Fox would be in a better position to fend off these salvos if it had a great replacement ready to step into Carlson’s time slot. When the network fired longtime 8 p.m. stalwart Bill O’Reilly in 2017, it announced simultaneously that Carlson would succeed him.
But this time, Fox has no backup plan in place. Instead, the network will be trying out guest hosts for at least the next several weeks, as it did in 2021 after removing Martha MacCallum from the 7 p.m. time slot eventually claimed by Jesse Watters. Longtime “Fox & Friends” co-host Brian Kilmeade leads off the search this week; in-house commentators like Pete Hegseth and Will Cain can be expected to follow. Each will try to win the gig by maximizing viewers — and the surefire way to keep Carlson’s audience is by aping his bigoted content and incendiary style as much as possible. It’ll be a shootout between candidates competing to be the most unhinged and irresponsible.
Those incentives are diametrically opposed to the interests of Fox’s business partners. Fox assembled its massive audience with propaganda and demagoguery — but it monetizes those viewers through commercials and cable carriage contracts.

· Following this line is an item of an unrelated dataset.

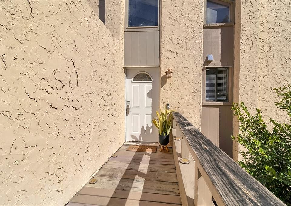 Stunning, Spacious Two-Story Condo in The Springs! Tucked away on the second floor of this prestigious, guard-gated community, this 1,600 sq ft residence offers privacy and security. The bright, open layout features two bedrooms, two bathrooms, and a versatile, large loft, all set among mature trees. Step inside and immediately feel the openness created by dramatic vaulted ceilings, expansive windows, and natural light that pours in from every direction—north, south, east, and west. With five skylights overhead, the home feels connected to the outdoors from sunrise to sunset. Two balconies overlook serene treetops and the sparkling community pool, offering peaceful spaces to unwind and enjoy Florida’s signature skies. The interior has been thoughtfully updated to blend comfort with style. Wood-look tile flooring, modern shaker cabinetry topped with granite, and stainless steel appliances create a timeless aesthetic. A new roof installed in 2024, updated window treatments, energy-efficient WiFi thermostat, and upgraded ceiling fans with advanced lighting features offer peace of mind and enhanced climate control. When the weather cools down, a charming wood-burning fireplace provides the perfect cozy touch. The primary suite is an inviting retreat with floor-to-ceiling windows, private balcony access, a spacious walk-in closet, dual sinks, and a beautifully finished stone shower. The secondary bedroom features its own balcony and tranquil woodland views. Upstairs, the generous loft expands your possibilities—ideal for a home office, guest space, media room, or creative studio—with ample storage throughout. For those who love the outdoors, this home includes a private courtyard-style garden area perfect for hosting guests, enjoying morning coffee, or creating a dedicated play or relaxation zone. Additional private outdoor storage accommodates bikes, kayaks, paddleboards, camping gear, and more, with shared storage available for oversized items. Living in The Springs offers something truly special. Centered around a pristine natural spring, the community provides resort-like amenities: a spring-fed sandy beach, sparkling pool, tennis and basketball courts, walking and jogging trails, horse stables, shaded picnic areas, and a welcoming clubhouse ideal for gatherings of all sizes. Whether you seek peaceful mornings, active afternoons, or memorable evenings with friends, this home offers a rare combination of comfort, beauty, and connection to nature. This is your chance to experience one of Central Florida’s most unique communities. Schedule your private tour today.
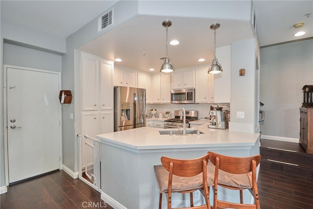 Welcome to your new home! This 3 bedroom/ 2.5 bath home is FULLY UPGRADED and move in ready. Beautiful laminate wood floors , recessed lighting, dual pane windows and new paint throughout. Downstairs features a spacious, open floor plan. Kitchen Has new a quartz counter-top, and new cabinets. Rooms are spacious and filled with natural light. Master bedroom has attached master bathroom and private balcony. Downstairs features a spacious back patio for entertaining and an attached 2 car garage for convenience. LOW HOA! This home will go FAST!

Carlson’s toxic content, like that of his prime-time colleagues, drove away major advertisers, leaving its commercial segments largely filled by ads for election-denier Mike Lindell’s MyPillow, direct-to-consumer products and Fox News itself. Big companies carefully manage risks to their brands and prefer to support programs that aren’t drenched in racist conspiracy theories. Carlson’s removal might seem at first like a step forward on this front — but it also means that Fox’s flagship time slot is now in tumult, with the content unlikely to dramatically improve because of the audience’s demands. And the clock is ticking before this year’s upfronts, during which Fox typically hopes to sell the lion’s share of its ads for the next year.

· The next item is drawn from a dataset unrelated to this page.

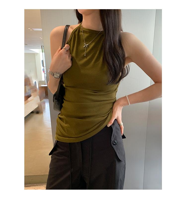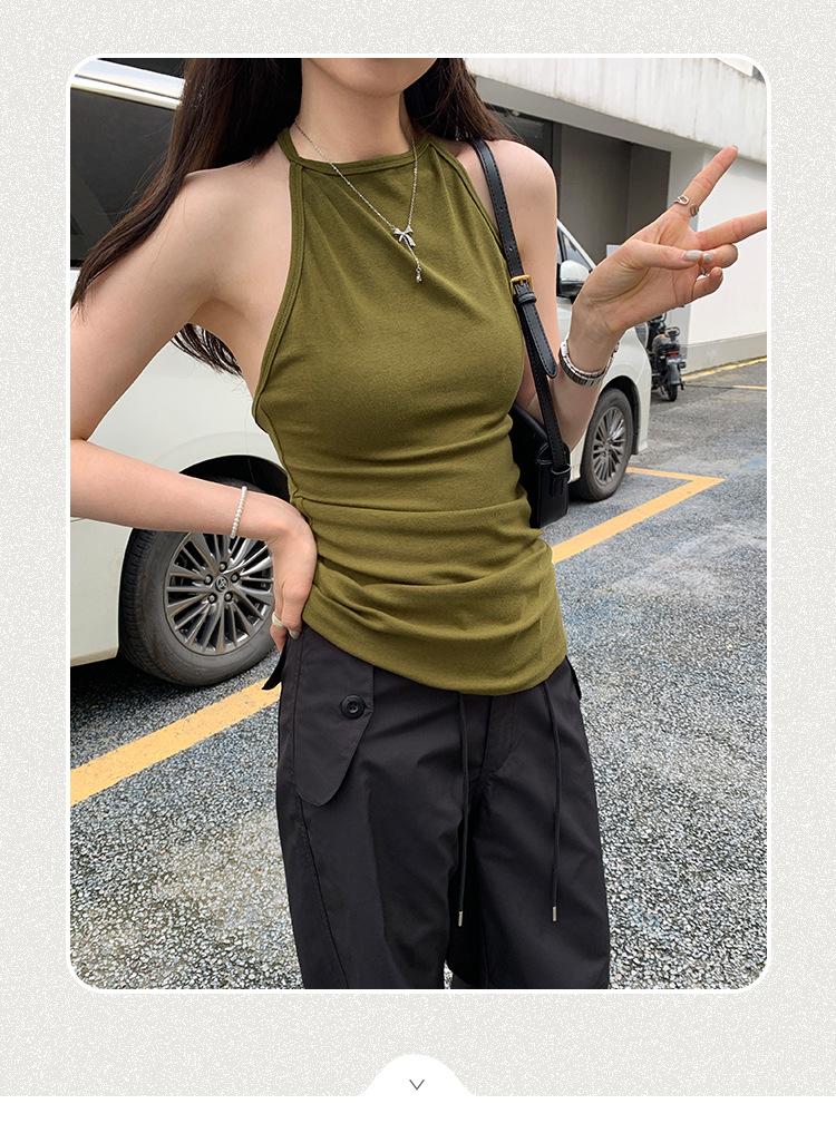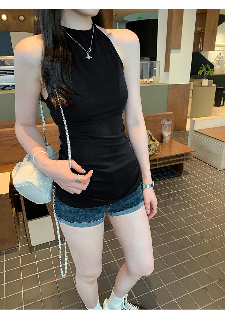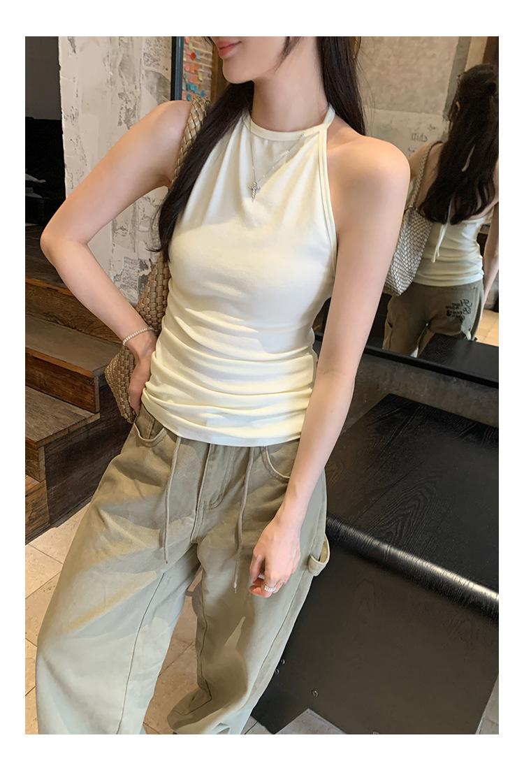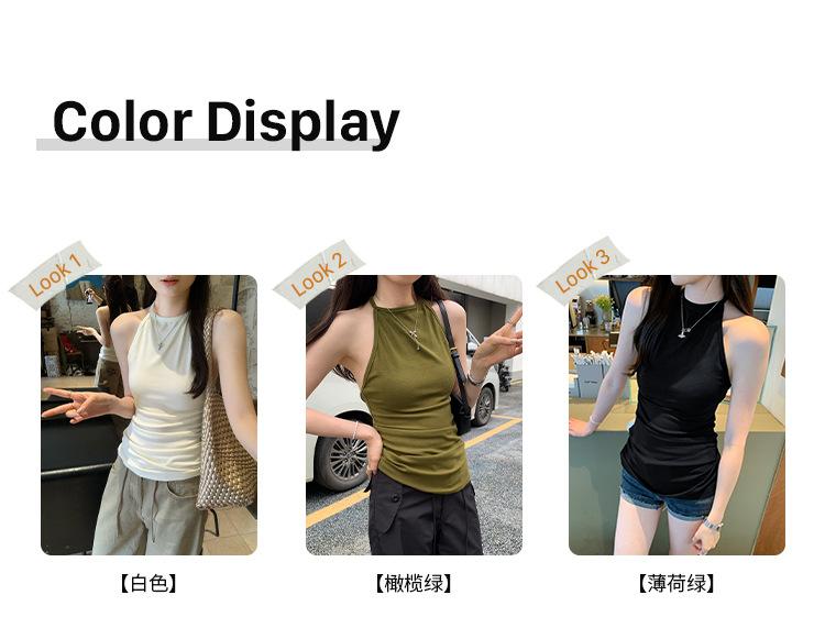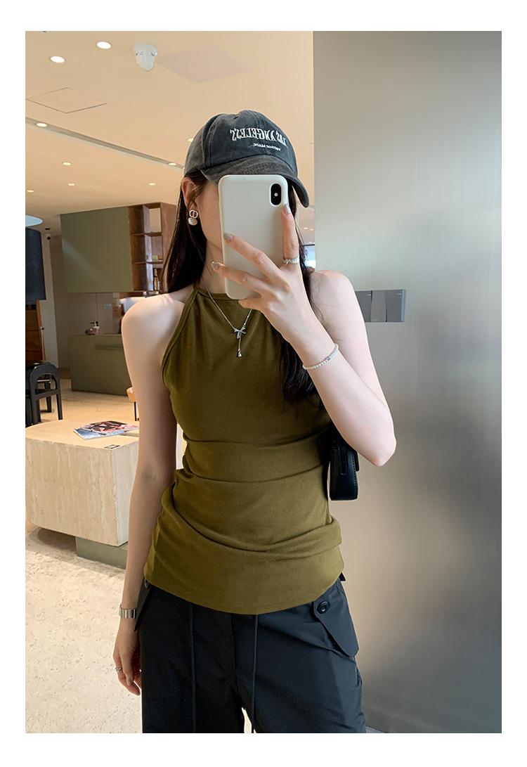 Camisola ajustada de estilo francés puro deseo para chica sexy con cuello halter y espalda atada 2025 Verano Nuevo Versión Coreana Top sin mangas
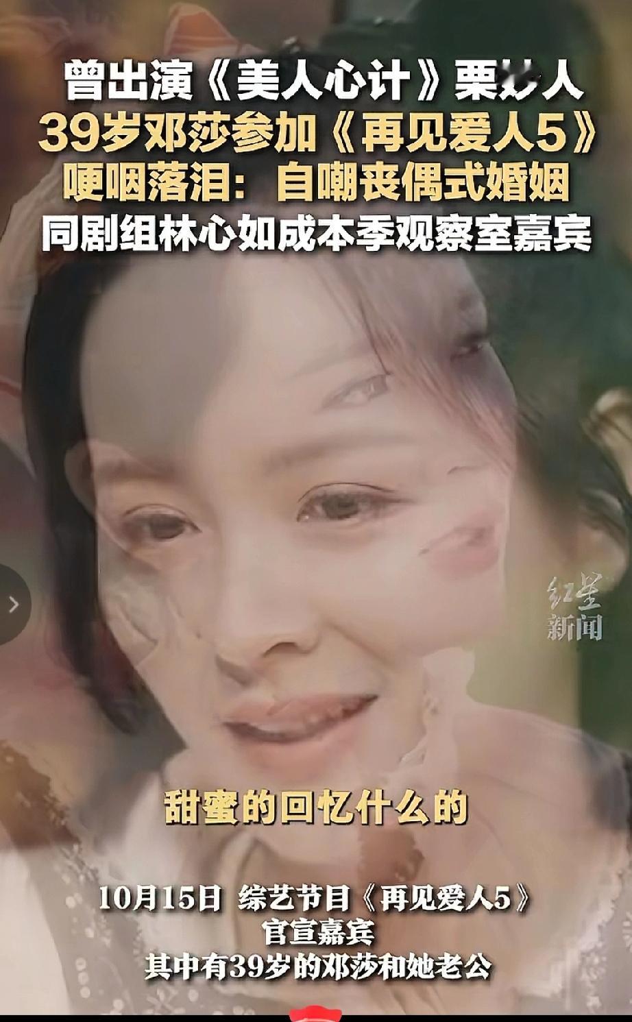 《再见爱人5》爆猛料!《美人心计》“婆媳”重逢,邓莎哭诉13年婚姻:丈夫常年分住,我像守活寡。 谁能想到,《再见爱人5》最戳心的片段,竟然藏着《美人心计》的“跨剧重逢”!39岁邓莎带着13年婚姻困境上节目,一开口就红了眼,而坐在观察室里的“婆婆”林心如,每句话都像在给这段破碎关系递“清醒剂”,刚播两期就把观众看哭了。 节目里邓莎的爆料,简直颠覆了大家对明星婚姻的想象。她直言和丈夫过着“丧偶式生活”:丈夫路行因为“怕狗吵”,常年住在离公司近的另一套房子,一家三口连张像样的合照都凑不出来;想知道丈夫的情绪,得靠10岁儿子当“传声筒”;甚至丈夫曾直言“你最大的贡献是生了个儿子”,把婚姻里的冷漠摆得明明白白。 最扎心的是,邓莎哽咽着说“我明明什么都有,却觉得自己像个孤家寡人”,弹幕里全是“这说的不就是我吗”的共鸣。 而更巧的是,这季观察室嘉宾竟然是49岁的林心如——14年前在《美人心计》里,邓莎演的栗妙人是林心如(窦漪房)的“儿媳”,如今现实里成了“婚姻旁观者”。 林心如一开口就戳中要害,看到邓莎委屈的样子,她直言“感情里最怕的就是‘我不说,你不懂’,时间久了就真的走散了”,还大方分享自己和霍建华的相处细节:霍建华会主动减少工作陪女儿,两人吵架从不在孩子面前红脸,“婚姻不是搭伙过日子,是得两个人一起修修补补”。 这季节目把邓莎的婚姻困境拍得太真实了:夫妻俩明明能准确说出对方的喜好,却在“要不要送走狗”这种小事上吵到冷战;一起旅行时,丈夫全程玩手机,邓莎只能对着镜头强装笑脸;就连儿子都忍不住说“爸爸好像不太喜欢和我们待在一起”。 弹幕里有人心疼邓莎,也有人吐槽“这婚不如趁早离”,话题邓莎的婚姻像极了大多数人直接冲上热搜。 目前节目才播到第三期,邓莎和丈夫已经在旅途中爆发了两次大争吵,丈夫虽然嘴上说“想改变”,行动上却依旧敷衍。而林心如在观察室里的点评,每句都像给观众上课:“不要觉得结婚久了就可以偷懒,感情是会被消耗的”“女人不管什么时候,都不能丢了自己”。不少网友已经开始蹲后续,想知道这对夫妻到底能不能解开心结,毕竟谁也不想看到《美人心计》里的“俏美人”,在现实婚姻里受这么多委屈。 如果你也追这季《再见爱人5》,或者对邓莎的婚姻故事有感触,不妨蹲守每周三到周五的更新——毕竟能看到《美人心计》“婆媳”同框聊婚姻,还能get到这么多现实干货,这样的综艺可不多见! 你最推荐的一个剧追剧

Fox does remain immensely profitable in spite of its advertiser woes, thanks to lucrative contracts with cable carriers. The network is renegotiating several of its most important deals this year and hoping not only to hold steady, but to dramatically increase its already sky-high fees. The network’s executives may hope that Carlson’s firing improves their hand in the talks by removing the most prominent example of its extremism. But Fox traditionally puts the hammer down in these disputes by getting their viewers involved, and the audience may prove less willing to participate after his dismissal. That potential apathy will be matched by cable news consumers who don’t want to pay more for a channel exposed in the massive Dominion settlement as a propaganda network, not a news outlet.
We still don’t know why Fox ultimately decided to part with its biggest star. But the move leaves the network weakened, without obvious paths to secure its position — and primed for long-overdue accountability.